IIRC this was to replicate scikit-allel PCA and get close to parity with hwe_normalized_pca by default. If we wanted to make this more generic so that it could run on dosages, then I would suggest this:

  1. We leave pca as it is
  2. We add two overload functions like decompose_call_alternate_alleles and decompose_dosages (naming consistent with sgkit.stats.aggregation as well as familiar for scikit-learn users) that take away the choice for variable and scaler, and call pca with appropriate settings for them

please let me know if I can help in any way.

Ditto! Let me know if any of that isn't clear or you see a better way.

eric-czech avatar May 01 '23 12:05 eric-czech

Thanks @eric-czech, decompose_dosages is a good name. Just a thought, the call_dosage variable can optionally be an integer type. So, we could potentially still use it with the PattersonScaler and raise an error if it contains floats.

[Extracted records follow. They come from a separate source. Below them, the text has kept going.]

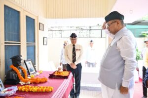 29 सितम्बर। सैनिक कल्याण मंत्री गणेश जोशी ने आज शहीद सम्मान यात्रा 2.0 के अंतर्गत अमर शहीद लेफ्टिनेंट प्रतीक आचार्य के नैशविला रोड डोभालवाला स्थित आवास पर पहुंचकर उनके परिजनों से भेंट की। इस दौरान मंत्री जोशी ने शहीद के चित्र पर माल्यार्पण कर श्रद्धांजलि अर्पित की तथा उनके आंगन की पवित्र मिट्टी का ताम्रकलश में संग्रहण किया।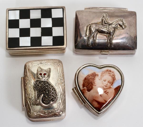 Lot of Assorted Sterling Silver Jewelry4 days LeftVintage Silver Tone Unsigned Grape Vine Teddy Bear Carousel Horse Brooch Pin Lot Of 4Mar 19, 2026DUTCH AND ENGLISH BRASS TOBACCO BOXES, LOT OF FOUR5 days Left14 Porcelain, Wood, Musical, Glass & Inlaid BoxesMar 12, 2026Jay Strongwater Style Jeweled Trinket Boxes 4pcsMar 12, 2026Vintage Sterling Silver Lady And Equestrian Boot Pin BroochsMar 23, 2026Sterling Silver Scent Bottles & PillboxMar 17, 20265 Miniature Silver BoxesMar 14, 2026STERLING SILVER MATCH SAFES / PILL BOXMar 15, 20265 Miniature Silver BoxesMar 14, 20264 Miniature Silver BoxesMar 14, 20264 Snuff BoxesMar 14, 2026Four Baroque style sterling silver vanity boxes2 days LeftVintage Group of Trinket Boxes and Solid Perfume Compacts4 days LeftCollection - 15 miniature boxes / pillboxes - including silver,Mar 13, 20265 Miniature Silver BoxesMar 14, 2026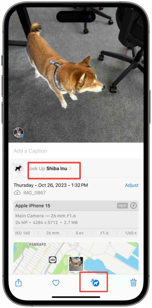 - Visual Lookup and Metadata: See detailed info about the photo, including location, camera used, and more.

Integer alternate allele counts for biallelic variants can already be computed using convert_call_to_index.

So, we could have a general API where the default variable is call_dosage. If absent, call_dosage is automatically computed as an integer array using convert_call_to_index. An error is raised If the patterson scalar is used and call_dosage is already an array of floats.

timothymillar avatar May 12 '23 02:05 timothymillar